Of course along with these functions I've assumed a lot that it's possible you don't know. Firstly, $\mathcal{P}_n(\mathbb{R}) = \left\{ \displaystyle\sum_{i=0}^{n}a_nx^n \; | \; a_n \in \mathbb{R}, \; 0\leq i\leq n\right\}$ is the set of all real-valued polynomials of degree $n$.

Secondly, you should verify if you can that $\mathcal{P}_n(\mathbb{R})$ has dimension $n+1$. If you've never seen this vector space before, it's also a great idea to ask yourself what other cool properties it has.
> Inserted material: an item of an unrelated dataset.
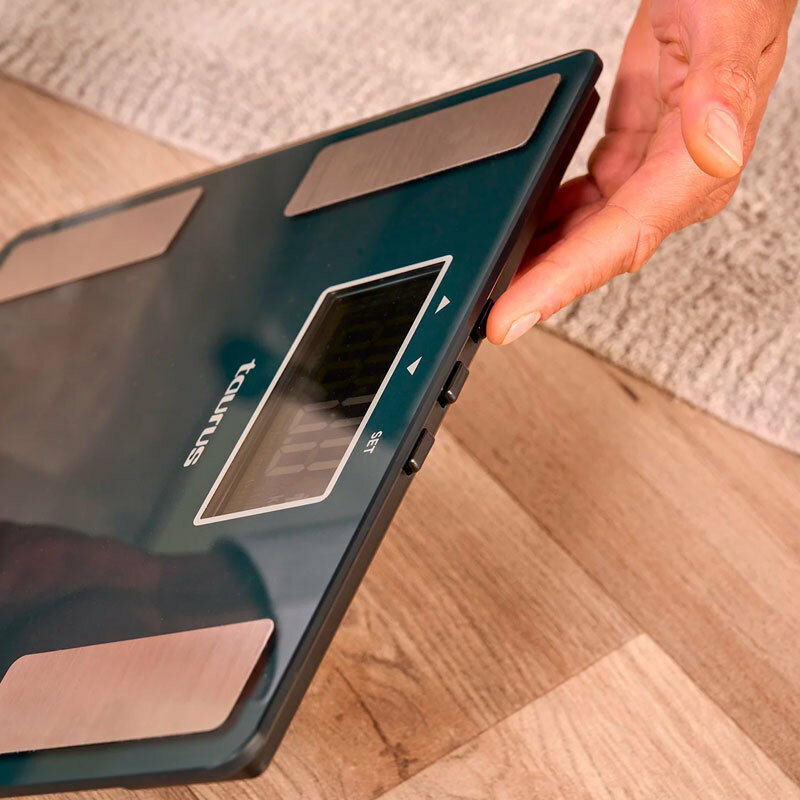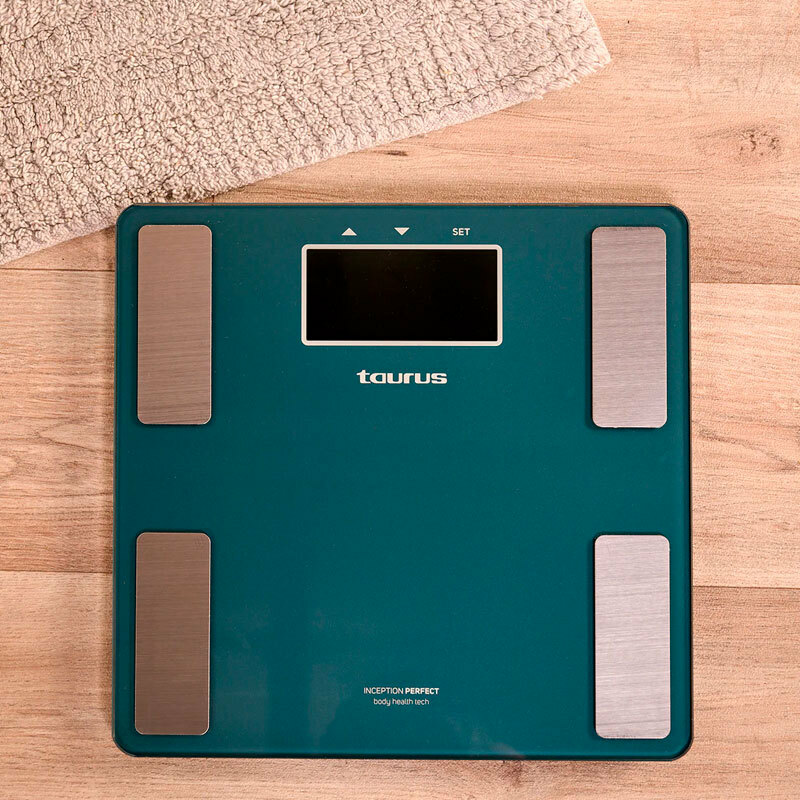 Báscula inteligente Taurus Inception Perfect – Análisis corporal, Precisión 0,1 kg, Cristal templado

Consider a polynomial $f$ with a nonzero constant term. Then we have that $T \circ S(f) = f$, while $S \circ T(f) \neq f$. We have invertibility in one direction, but not the other!

Now, this example builds up some good intuition which I'll make use of in $\mathbb{R}^n$, as you wanted. We can in fact define virtually the same map here instead: $$t: \mathbb{R}^n \rightarrow \mathbb{R}^{n-1} \\ (a_0, a_1, a_2 \dots, a_{n-1}) \mapsto (a_1, 2a_2, \dots, (n-1)a_{n-1}) \text{, and} \\ s: \mathbb{R}^n \rightarrow \mathbb{R}^{n+1} \\ (a_0, a_1, a_2, \dots, a_{n-1}) \mapsto \left(0, a_0, \frac{a_1}{2}, \frac{a_2}{3}, \dots, \frac{a_{n-1}}{n} \right) \text{.}$$

Can you see the resemblance between $S$ and $s$, and $T$ and $t$? For $x \in \mathbb{R}^{n}$, we again have that $(t \circ s)(x) = x \neq (s \circ t)(x)$, if $x$'s first entry is nonzero.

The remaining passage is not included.